* WORK INSTRUCTIONS
Emit the data below verbatim, stripping out any pictures.

* COLLECTED DATA
____________
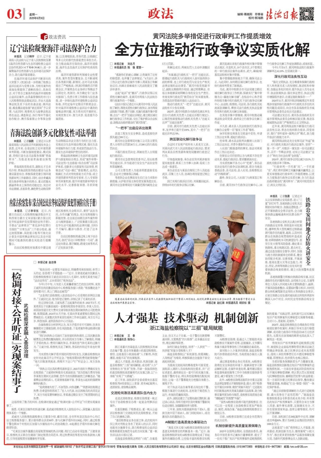 2025年6月9日,法治日报刊发《“检调对接+公开听证”实现案结事了 武威检察深度融入基层治理》。
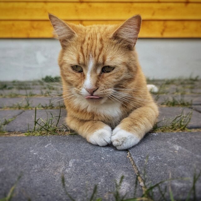 Had enough of Lucy's photos yet? 🙈 Here's a #TongueOutTuesday & #WhiskersWednesday crossover #gingerCat #orangeCat #CatsOfPixelfed #CatsOfMastodon #CatsOfFediverse #PixelCats #Katze #Katzen #KatzenContent #cat #kitty #animal #pet #greenEyes #animalPhotography #animalPortrait #blep #Caturday
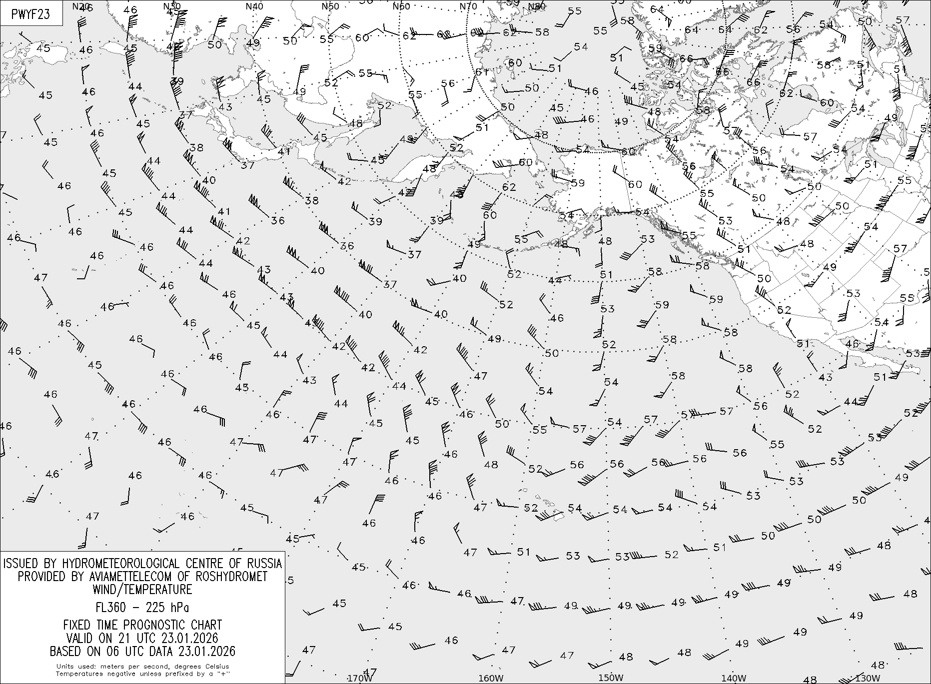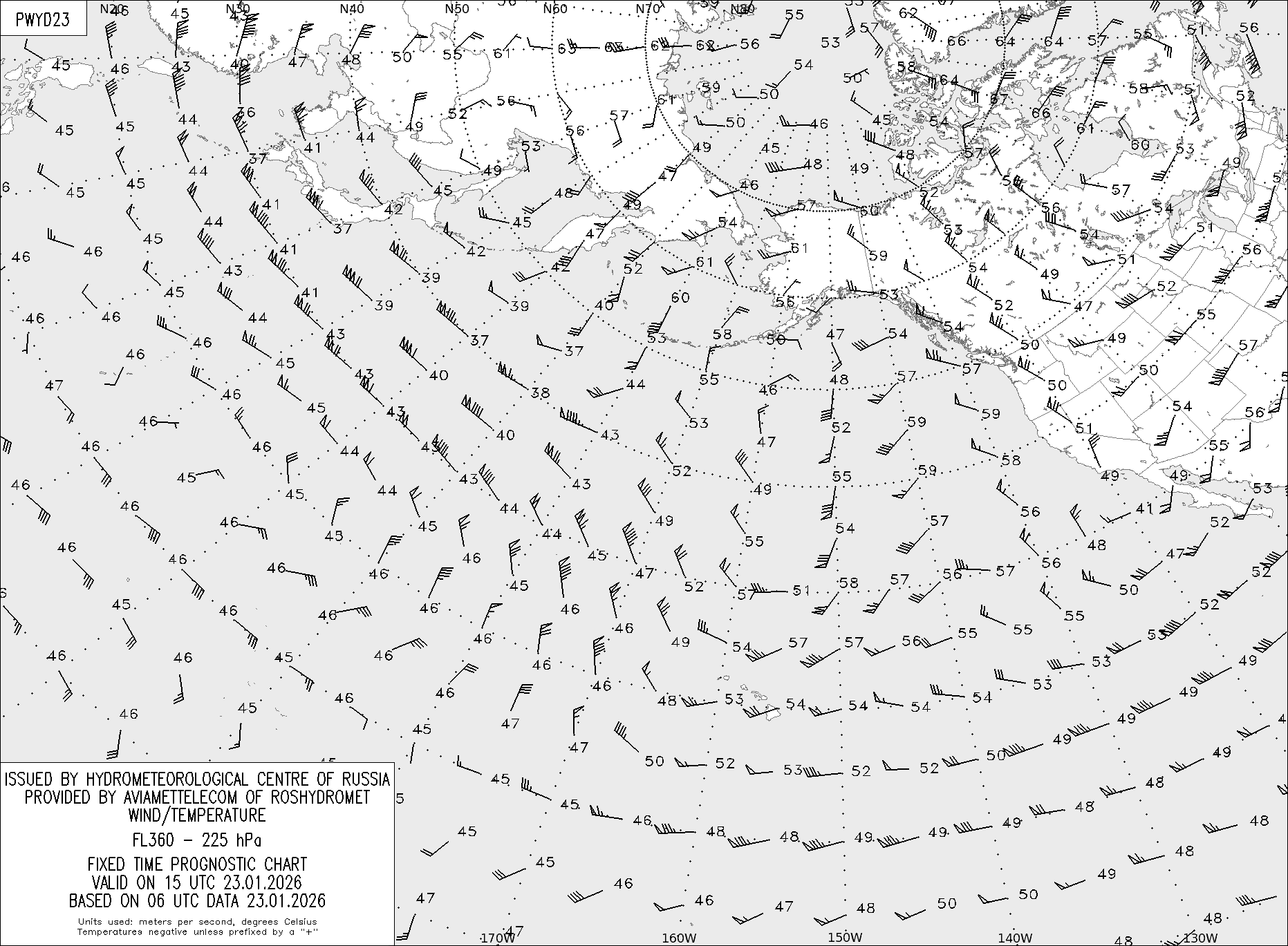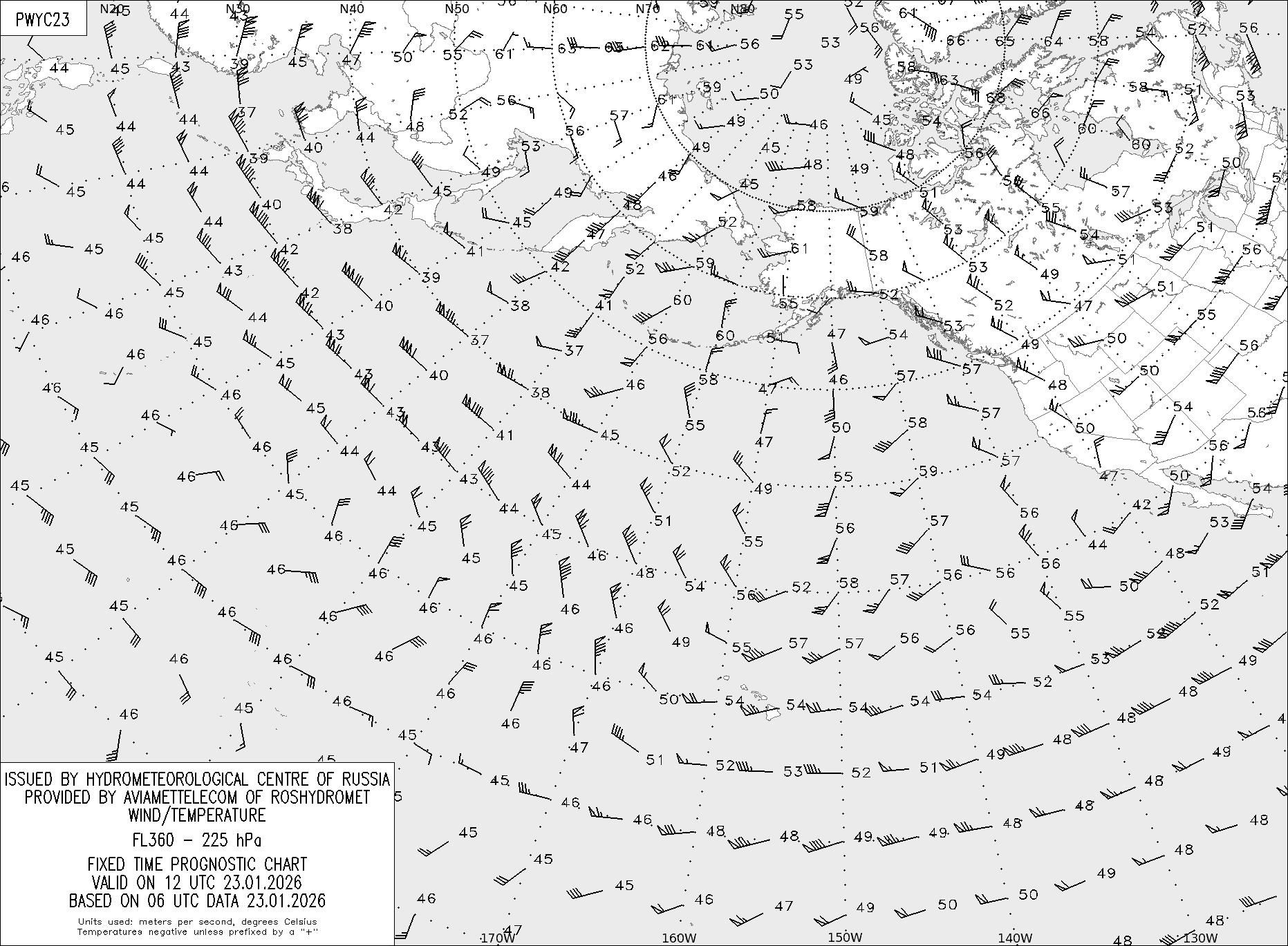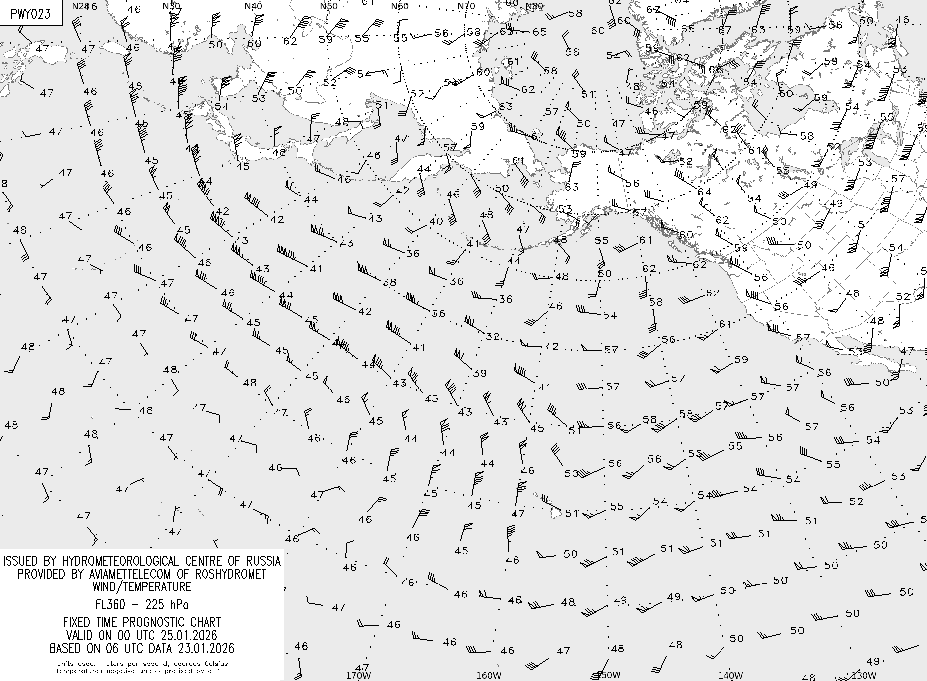 AREA Y (Восточная Евразия и Северная Америка) по данным за 06 UTC 23.01.2026
____________
* WRITTEN RESPONSE
 2025年6月9日,法治日报刊发《“检调对接+公开听证”实现案结事了 武威检察深度融入基层治理》。
 Had enough of Lucy's photos yet? 🙈 Here's a #TongueOutTuesday & #WhiskersWednesday crossover #gingerCat #orangeCat #CatsOfPixelfed #CatsOfMastodon #CatsOfFediverse #PixelCats #Katze #Katzen #KatzenContent #cat #kitty #animal #pet #greenEyes #animalPhotography #animalPortrait #blep #Caturday
 AREA Y (Восточная Евразия и Северная Америка) по данным за 06 UTC 23.01.2026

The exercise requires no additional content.